Some Still Unclear on Definition of “Emergency”

LTB logo

"They are giving me a hard time!" said a caller to the 911 dispatcher in East Hartford, Connecticut, on Wednesday.  What outrage had They perpetrated this time? "I specifically asked for little turkey, and little ham, a lot of cheese and a lot of mayonnaise," he said, but the resulting sandwich was not to his liking.

"You're calling 911 because you don't like the way that they're making your sandwich?" the dispatcher asked. "Exactly," he confirmed. The caller claimed that the employees at the Grateful Deli were "playing games" with him, although it was not clear what game or games had been played. He said the employees were sisters, and that the sister who had made the sandwich had left, so it may have been the old make-the-sandwich-incorrectly-and-then-leave-and-have-your-sister-claim-ignorance game. "I just want to solve this the right way," the caller said, though it's not clear what "wrong way" he might have been contemplating.

"Just don't buy the sandwich," the dispatcher suggested.

The deli's owner said that the man had actually ordered 14 sandwiches, but then did not want to pay for them. She insisted that they had been made according to his request. He seems to have calmed down and reconsidered, because the report says he later called to apologize and say that he would continue to do business with them, which they were probably real pleased to hear.

Also outraged this week: a Florida man who repeatedly called 911 to report that a strip club had refused to admit his kitten. According to a press release from the Charlotte County Sheriff's Office, which apparently posts its press releases on Facebook along with your mugshot, a 47-year-old man was denied entry to a strip club in Port Charlotte because they would not let him in with a cat. (Yes, I thought of that joke. Not going there.) Instead of leaving, he sat down on the curb and called 911.

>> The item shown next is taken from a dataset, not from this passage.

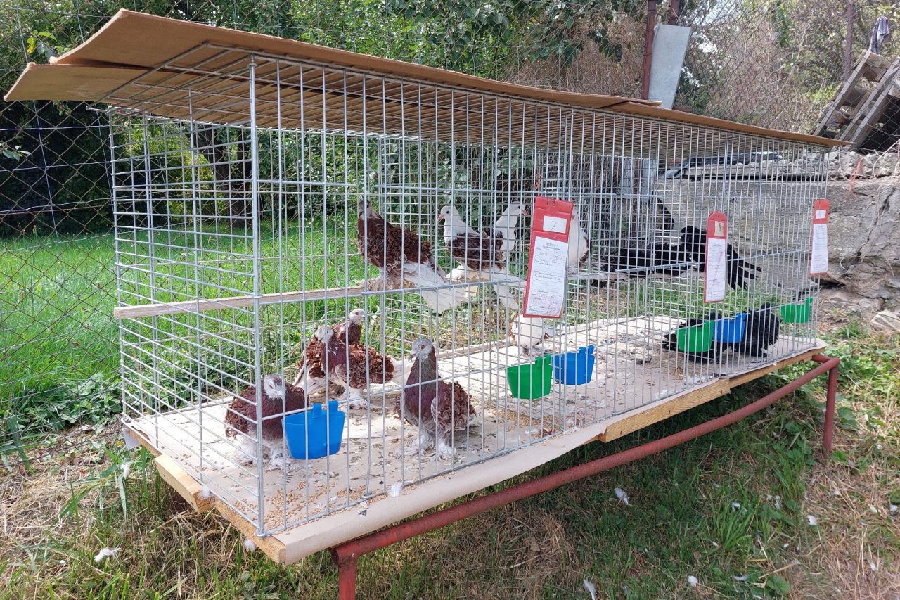 „To je červený bělouš, pak jsou červení štítníci, a pak černí tam jsou,“ ukazuje chovatel Jiří Kadlec do klece na okresní chovatelské výstavě v Puklicích na Jihlavsku. Jeho holubi mají nádherně kudrnaté peří na křídlech. Když ale vzpomíná na své začátky, mluví o českých stavácích. Už jako dítě školou povinné se staral o sto párů. „Měli jsme statek, měl jsem půl půdy zabraný,“ vzpomíná.

When deputies arrived, the man refused to leave and continued to call 911, despite the fact that deputies were standing next to him and telling him to stop calling 911. He insisted that the club owner had committed a crime, which may have been a confused reference to the idea that in some circumstances, an establishment cannot exclude service animals. That is true, generally speaking, and a kitten could conceivably qualify as a service animal (oh yes it could) depending on the disability involved and the other facts of the case. But a violation wouldn't be a crime, and based on the facts here, which, again, involved trying to take a kitten into a strip club, it wouldn't be a violation.

Trust me — I once refused to take an almost identical case for this very reason. It is a true fact.

Unsurprisingly, alcohol was involved in this case (though, surprisingly, not in the first one).  Man arrested, kitten unharmed. Dispatcher thoroughly irritated.